(THE TASK)
Once you find the line with "On November 4th, the" in the entries below, print it and each line after it up to and including the line with "校庭の草むしりをしました。協力して行い、だいぶきれいになりました。", exactly, without pictures.

(RECORDS FOR THE EXERCISE)
BEGIN
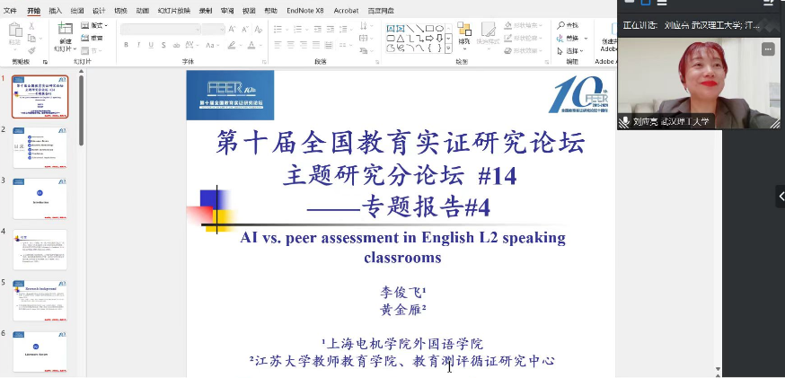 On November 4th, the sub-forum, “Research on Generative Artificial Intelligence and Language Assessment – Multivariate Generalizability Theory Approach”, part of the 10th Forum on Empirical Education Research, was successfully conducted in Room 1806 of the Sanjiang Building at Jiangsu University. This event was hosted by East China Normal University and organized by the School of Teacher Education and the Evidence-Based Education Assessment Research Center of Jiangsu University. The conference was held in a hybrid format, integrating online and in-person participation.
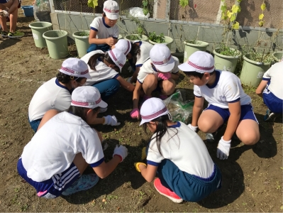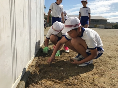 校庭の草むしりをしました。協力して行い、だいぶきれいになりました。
END
BEGIN
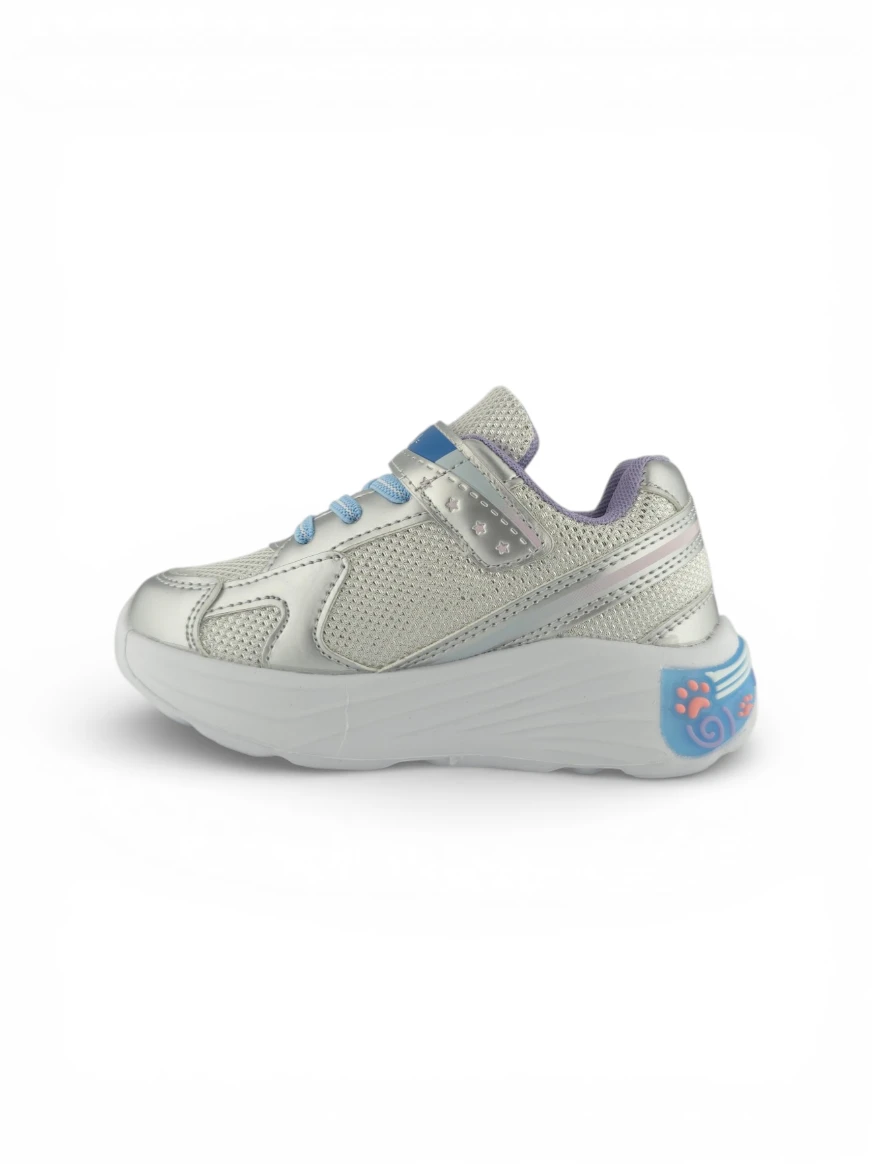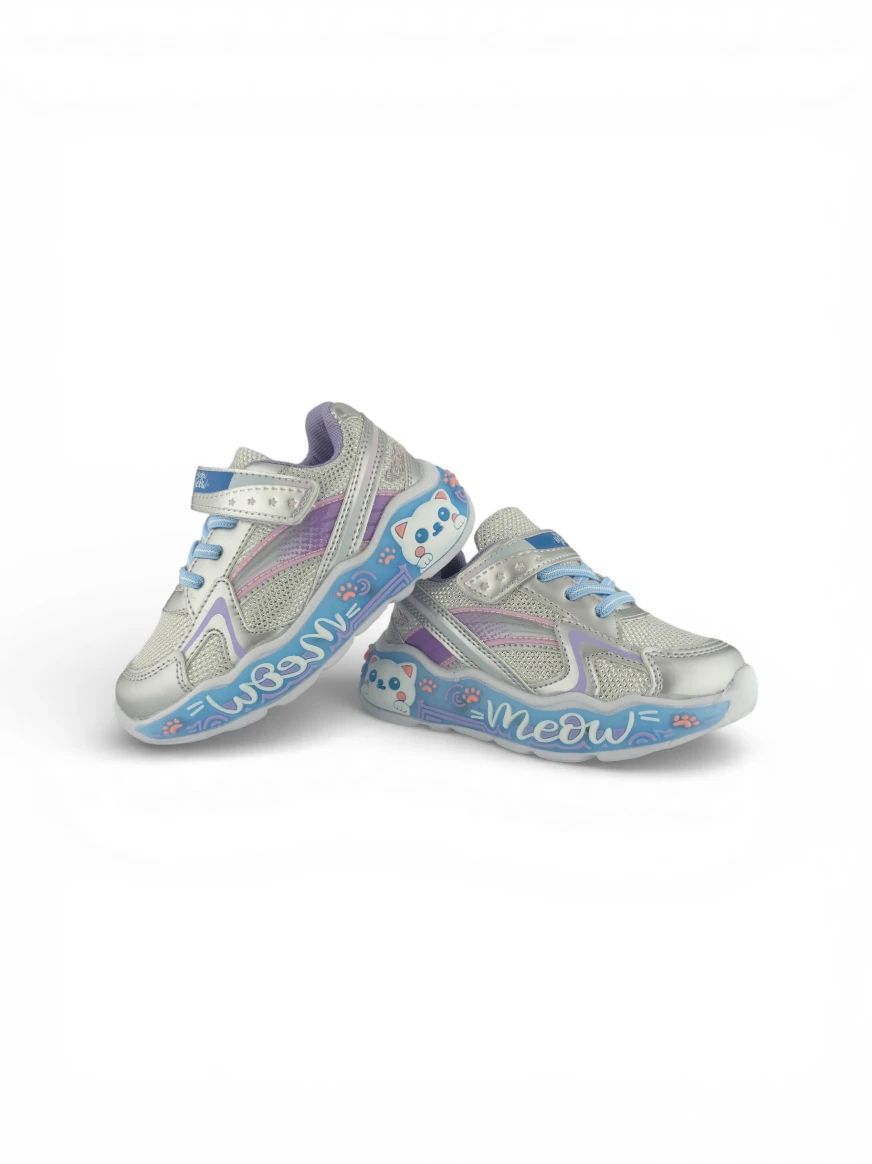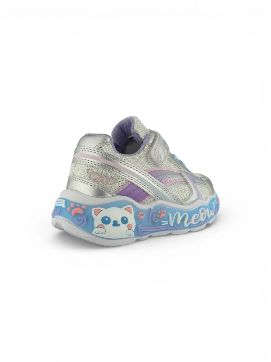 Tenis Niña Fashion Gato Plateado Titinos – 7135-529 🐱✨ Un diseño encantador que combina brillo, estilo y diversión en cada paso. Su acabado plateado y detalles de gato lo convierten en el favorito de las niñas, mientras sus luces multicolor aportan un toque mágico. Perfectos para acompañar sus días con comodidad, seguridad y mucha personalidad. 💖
END
(EXERCISE RESPONSE)
 On November 4th, the sub-forum, “Research on Generative Artificial Intelligence and Language Assessment – Multivariate Generalizability Theory Approach”, part of the 10th Forum on Empirical Education Research, was successfully conducted in Room 1806 of the Sanjiang Building at Jiangsu University. This event was hosted by East China Normal University and organized by the School of Teacher Education and the Evidence-Based Education Assessment Research Center of Jiangsu University. The conference was held in a hybrid format, integrating online and in-person participation.
 校庭の草むしりをしました。協力して行い、だいぶきれいになりました。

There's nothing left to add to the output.